[Stored items]
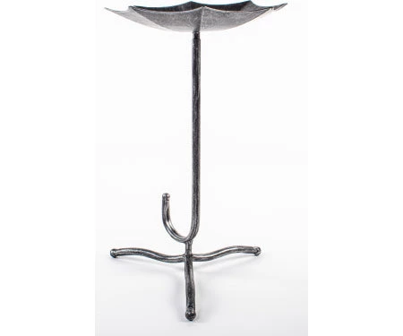 Metal bird bath shaped as a whimsical inside out umbrella.
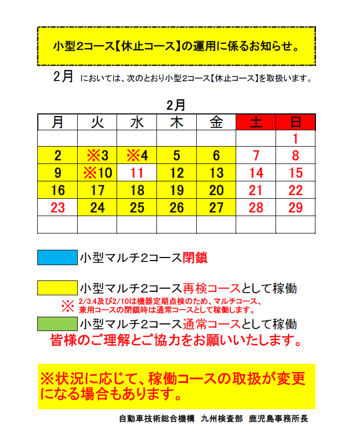 独立行政法人自動車技術総合機構九州検査部鹿児島事務所より、2月の小型2コースの運用につきまして、下記の通り通知がありましのでお知らせいたします。
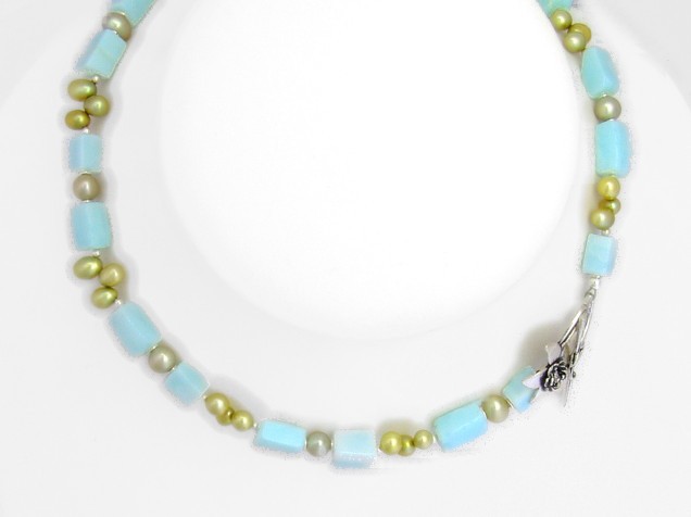 Peruvian opal and green pearl necklace
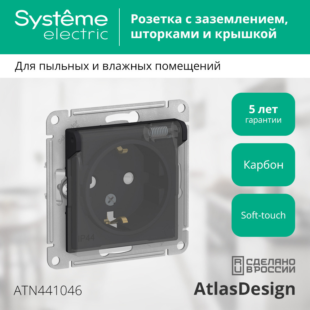 Технические характеристики «ATLASDESIGN AQUA РОЗЕТКА с заземлением со шторкамис прозрачной крышкой, 16А, IP44, механизм, КАРБОН»
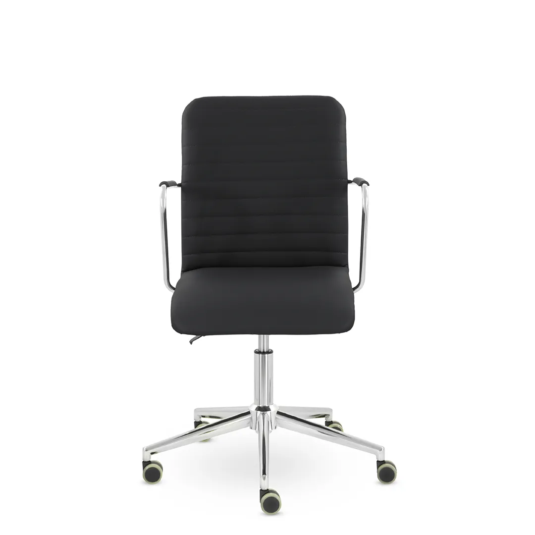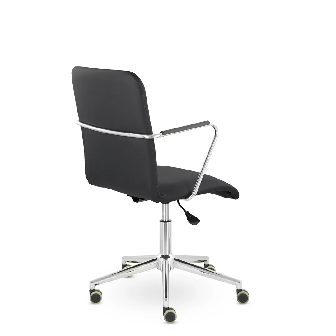 - Универсальный дизайн — сочетание классических форм и хромированных деталей делает кресло подходящим для офисов в разных стилях — от бизнес‑класса до современного минимализма.
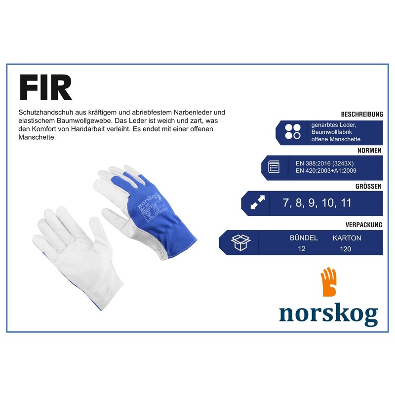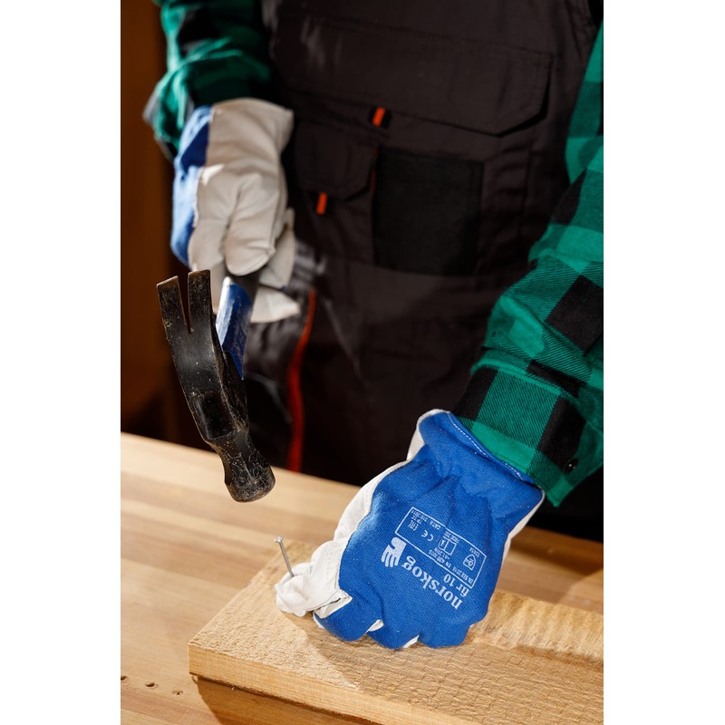 NORSKOG FIR is an assembly glove reinforced with selected full goat leather. Leather tanned so that the inside is comfortable and soft - velvety and smooth on the outside. This design allows the combination of ergonomics and hand protection - even in demanding conditions. Thanks to the size selection of the glove, you can choose the perfect size that fits your hand for both general and assembly work as well as working with very high precision. The design made of selected natural goatskin leather and high-quality cotton allows the hand to breathe freely, which greatly improves the ergonomics of the work. The goatskin stitched thumb provides full hand protection and extends the life of the glove, by protecting the most stressed areas of the glove while working. The cuff with elastic cuffs keeps the glove in proper position on the wrist. The gloves can be used in many industries - they are ideal for assembly, loading, storage, gardening, mechanics and packaging work. The gloves are available in sizes 7 to 11. Quality and protection according to ISO 9001:2008, CE according to PSA CAT II, EN 420, EN 388.
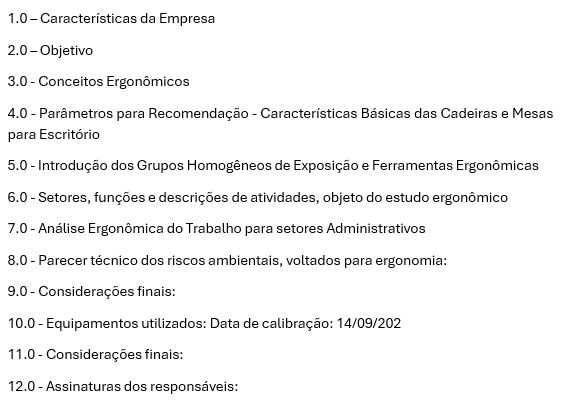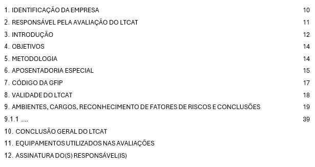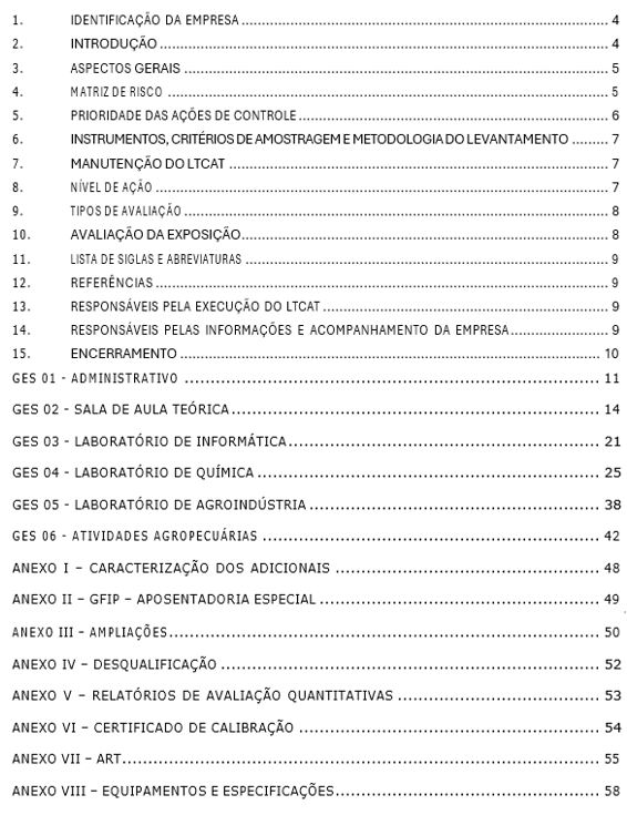 Um LTCAT emitido pela Ambiental tem a seguinte estrutura padronizada:

**Exercise aim**
The lines from the start of the records above through the line that holds "NORSKOG FIR is" are to be copied exactly, both ends included, and no pictures are to be copied.

**Exercise response**
 Metal bird bath shaped as a whimsical inside out umbrella.
 独立行政法人自動車技術総合機構九州検査部鹿児島事務所より、2月の小型2コースの運用につきまして、下記の通り通知がありましのでお知らせいたします。
 Peruvian opal and green pearl necklace
 Технические характеристики «ATLASDESIGN AQUA РОЗЕТКА с заземлением со шторкамис прозрачной крышкой, 16А, IP44, механизм, КАРБОН»
 - Универсальный дизайн — сочетание классических форм и хромированных деталей делает кресло подходящим для офисов в разных стилях — от бизнес‑класса до современного минимализма.
 NORSKOG FIR is an assembly glove reinforced with selected full goat leather. Leather tanned so that the inside is comfortable and soft - velvety and smooth on the outside. This design allows the combination of ergonomics and hand protection - even in demanding conditions. Thanks to the size selection of the glove, you can choose the perfect size that fits your hand for both general and assembly work as well as working with very high precision. The design made of selected natural goatskin leather and high-quality cotton allows the hand to breathe freely, which greatly improves the ergonomics of the work. The goatskin stitched thumb provides full hand protection and extends the life of the glove, by protecting the most stressed areas of the glove while working. The cuff with elastic cuffs keeps the glove in proper position on the wrist. The gloves can be used in many industries - they are ideal for assembly, loading, storage, gardening, mechanics and packaging work. The gloves are available in sizes 7 to 11. Quality and protection according to ISO 9001:2008, CE according to PSA CAT II, EN 420, EN 388.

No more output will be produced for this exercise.